▸ The task:
Any picture in the listing is left out of the copy; all else is duplicated exactly.
━━━━━ Material provided
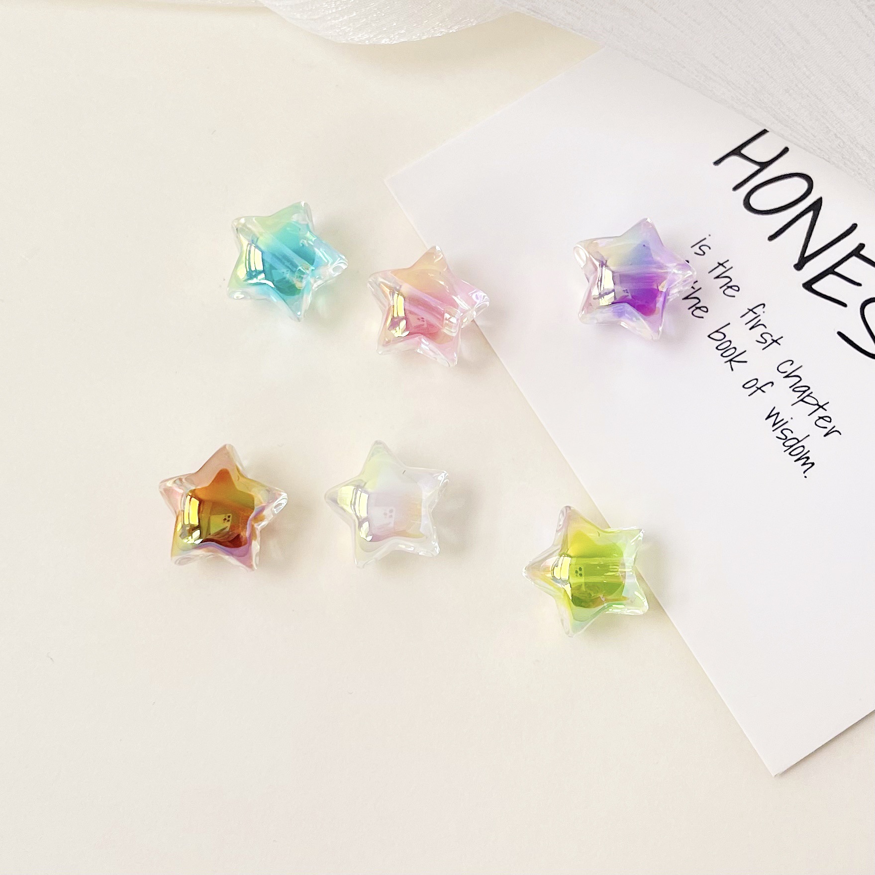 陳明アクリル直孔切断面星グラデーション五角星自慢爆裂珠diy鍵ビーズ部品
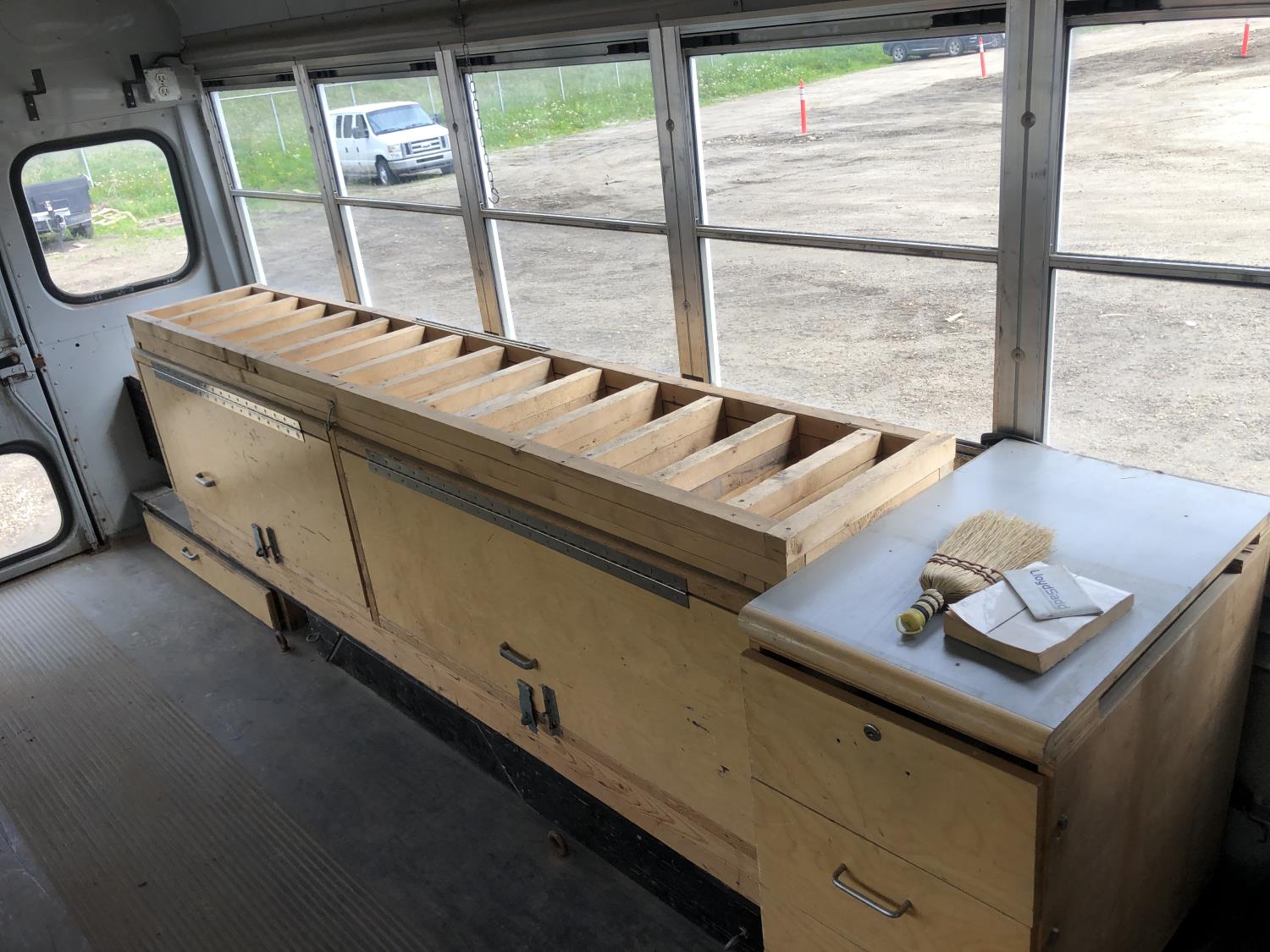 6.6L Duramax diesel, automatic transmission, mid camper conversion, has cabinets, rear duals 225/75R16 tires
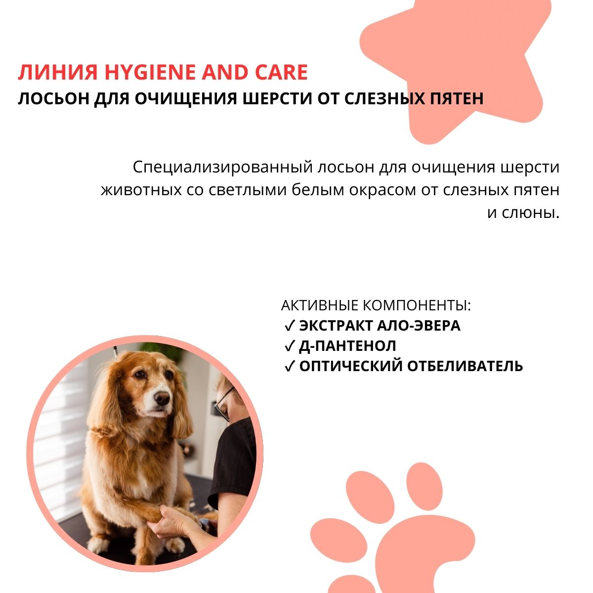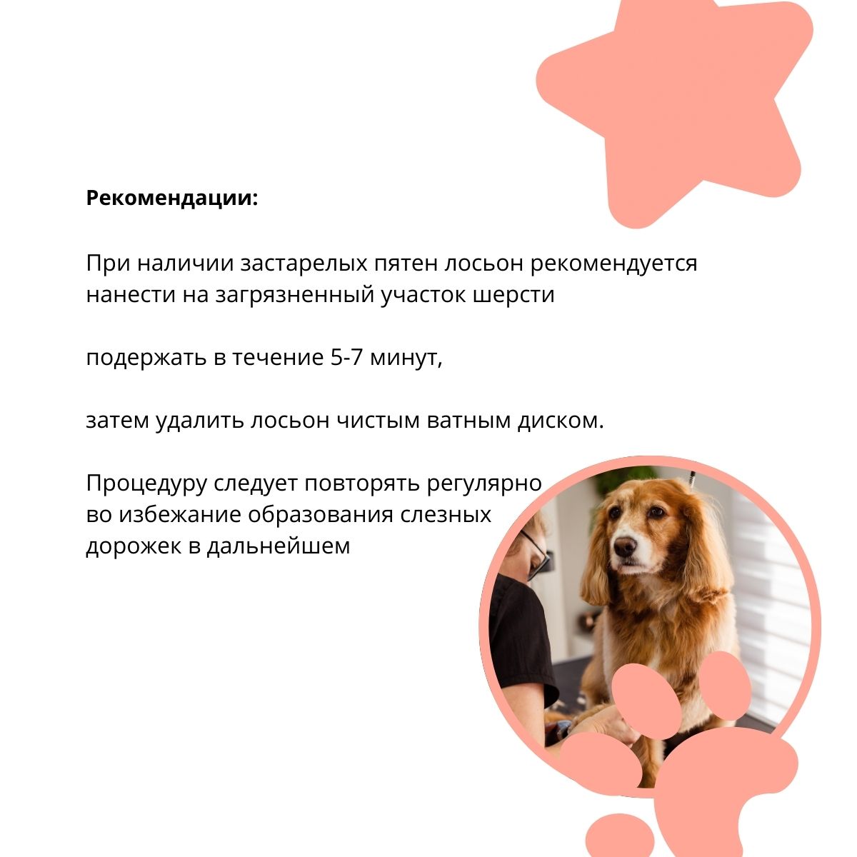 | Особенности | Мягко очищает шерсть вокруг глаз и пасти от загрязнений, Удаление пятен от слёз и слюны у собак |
━━━━━━━━━━
▸ Exercise solution:
 陳明アクリル直孔切断面星グラデーション五角星自慢爆裂珠diy鍵ビーズ部品
 6.6L Duramax diesel, automatic transmission, mid camper conversion, has cabinets, rear duals 225/75R16 tires
 | Особенности | Мягко очищает шерсть вокруг глаз и пасти от загрязнений, Удаление пятен от слёз и слюны у собак |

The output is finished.